Affiliated Enterprises was profitable. Its net income rose from about $25,000 in 1934 to roughly $159,000 in 1935, and nearly $400,000 in 1936. The promotion, however, faced legal challenges, and the company spent heavily defending theater operators in court. On April 14, 1938, the Post Office Department issued a fraud order that barred Affiliated Enterprises from using the mail, ending its licensing of the system.
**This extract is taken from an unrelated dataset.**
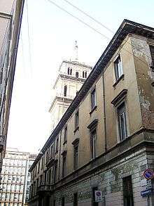 The palace was commissioned by Massimiliano Stampa, marchese di Soncino from the architect Cristoforo Lombardo (died circa 1550). The three story palace encompasses the entire block; the facade, on a narrow street, is dominated by a central five story square-plan tower, arising from the courtyard. Further additions and enlargements were pursued over the centuries since the original construction.[1] The shield on the tower has the imperial House of Habsburg eagle, singling the support given by Stampa to the rule of Milan by Charles V, Holy Roman Emperor.[2]

The order, signed by Postmaster General James Farley, would stop Yaeger and Ricketson from collecting royalties or conducting Bank Night business by mail.

== Additional business, civic and philanthropic activities ==
Ricketson was active in Denver's civic and cultural life for more than half a century, most prominently with the Central City Opera. He joined the effort to revive the opera soon after its 1932 founding. Elected president of the Central City Opera House Association in 1943, he led the association for 26 years, serving as chairman from 1949 to 1969. In 1956 he commissioned the opera The Ballad of Baby Doe, which had its world premiere at Central City. He was a trustee or director of the Denver Center for the Performing Arts, the National Western Stock Show, the Denver Museum of Natural History, the University of Denver, Loretto Heights College, and the Bonfils Foundation. In 1948 he founded the Roundup Riders of the Rockies, a riding club known for its annual week-long trail ride in the Colorado mountains.

Ricketson also served as a director of United Banks of Colorado, the Public Service Company of Colorado, Continental Airlines, and Cheyenne Newspapers.

Ricketson was named the 1980 Citizen of the West by the March of Dimes. Ahead of the award, then Colorado Governor Dick Lamm proclaimed January 9, 1980, "Frank H. Ricketson Jr. Day." The Ricketson Theatre at the Denver Center for the Performing Arts was named for him, though in 2018 the center announced that it would be renamed the Singleton Theatre in recognition of a gift from former Denver Post publisher and owner William Dean Singleton.

In his will, Ricketson left $7 million to the University of Denver's law school. The bequest was divided into two funds: one supporting law-school programs, and another invested for later use. The second grew to about $12 million and, with proceeds from the sale of the former Park Hill law campus, helped finance a $63.5 million law building. The Frank H. Ricketson Jr. Law Building was dedicated on April 2, 2004.

== Death ==
Ricketson died of a heart attack on June 18, 1987, at St. Joseph Hospital in Denver, at the age of 91. A Roman Catholic, he was buried at Mount Olivet Cemetery.